## Data section
☆ ☆ ☆
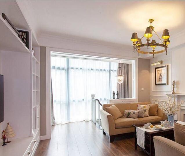 客廳,整體上布置的很簡(jiǎn)潔,因?yàn)榍懊骊柵_(tái)和樓梯的緣故,沙發(fā)和茶幾就側(cè)著擺放,就是看電視累一點(diǎn),要轉(zhuǎn)著頭看。所謂的沙發(fā)墻已經(jīng)布置成了壁爐。
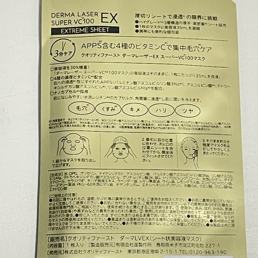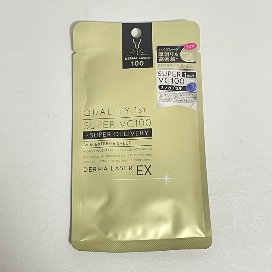 今回使用した「ダーマレーザー EX スーパー VC100 マスク」は、「スーパー VC100 マスク」の美容成分・浸透技術はそのままに、厚みと密着力に優れた「エクストリームシート」を採用。
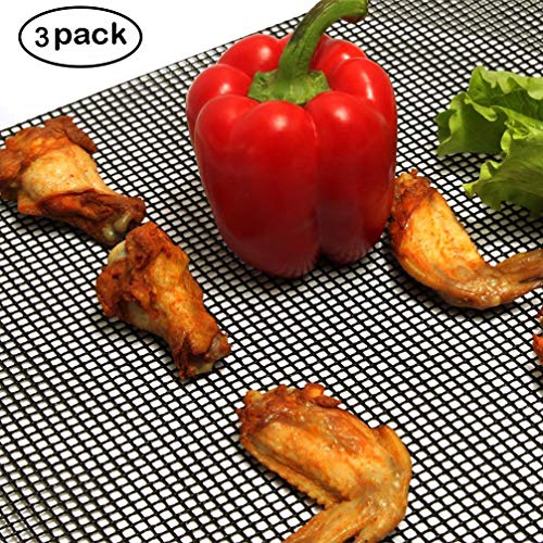 BBQ Grill Mesh Mat - Non-Stick Cooking Mats for Grilled Vegetables/Fish/Fajitas/Shrimp, Grilling Sheet Liner, Reusable Grill Accessories - Use on Gas, Charcoal, Electric Barbecue (15.7" x 13", 3 Pack)
☆ ☆ ☆
## Exercise brief
After removing the pictures, transcribe the listing above exactly.

## Task solution
 客廳,整體上布置的很簡(jiǎn)潔,因?yàn)榍懊骊柵_(tái)和樓梯的緣故,沙發(fā)和茶幾就側(cè)著擺放,就是看電視累一點(diǎn),要轉(zhuǎn)著頭看。所謂的沙發(fā)墻已經(jīng)布置成了壁爐。
 今回使用した「ダーマレーザー EX スーパー VC100 マスク」は、「スーパー VC100 マスク」の美容成分・浸透技術はそのままに、厚みと密着力に優れた「エクストリームシート」を採用。
 BBQ Grill Mesh Mat - Non-Stick Cooking Mats for Grilled Vegetables/Fish/Fajitas/Shrimp, Grilling Sheet Liner, Reusable Grill Accessories - Use on Gas, Charcoal, Electric Barbecue (15.7" x 13", 3 Pack)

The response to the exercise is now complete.